Imperial de Bolańos
Imperial de Bolańos is a type of finely ground salchichón or longaniza. When salchichón is stuffed into casing smaller than than 40 mm, it may be called longaniza imperial.It originates in Bolaños de Calatrava, a city situated in the Ciudad Real province in the autonomous community of Castile-La Mancha, Spain.
|Lean pork||750 g||1.55 lb|
|Back fat or hard fat trimmings||250 g||0.55 lb|
Ingredients per 1000g (1 kg) of meat
|Salt||20 g||3.5 tsp|
|Cure #1||2.5 g||1/2 tsp|
|Pepper||4.0 g||2 tsp|
|Nutmeg||0.5 g||1/4 tsp|
|Oregano, ground||1.0 g||1/2 tsp|
- Grind lean pork and fat through 3 mm (1/8”) plate.
- Mix ground meats with salt and spices. Hold for 24 hours in refrigerator.

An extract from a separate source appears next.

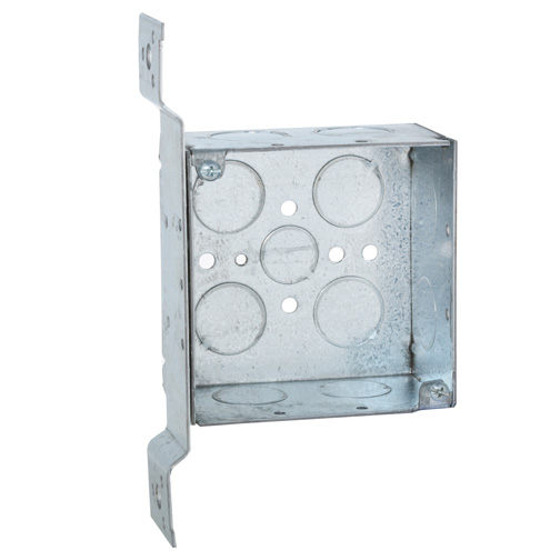 RACO® 4 in Square Bracketed Box, 14 Knockouts, 1/2 in Knockouts, W Bracket, Steel, 1-1/2 in D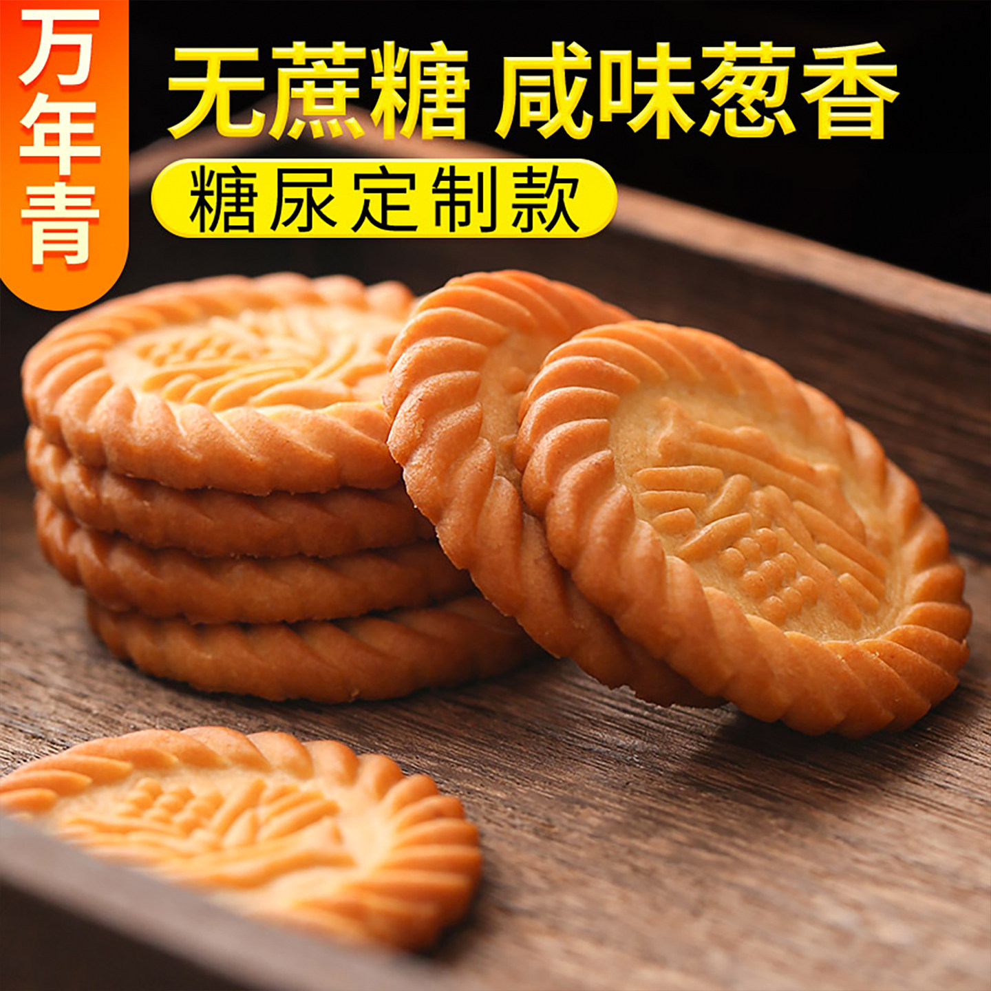 上海万年青无蔗糖饼干咸味香葱早餐中老年零食糖尿人专用孕妇食品

- Stuff the mixture into 38-40 mm natural casings forming straight links 30 cm (12”) long.
- Dry/ferment at 20-27° C (68-80° F), 90-85% humidity, for 30 hours.
- Dry at 15-12° C (59-53° F), 85-75% humidity, for 15 days.
- Store at 10-12° C (50-53° F), <70% humidity or refrigerate.
The sausage is ready to eat without cooking.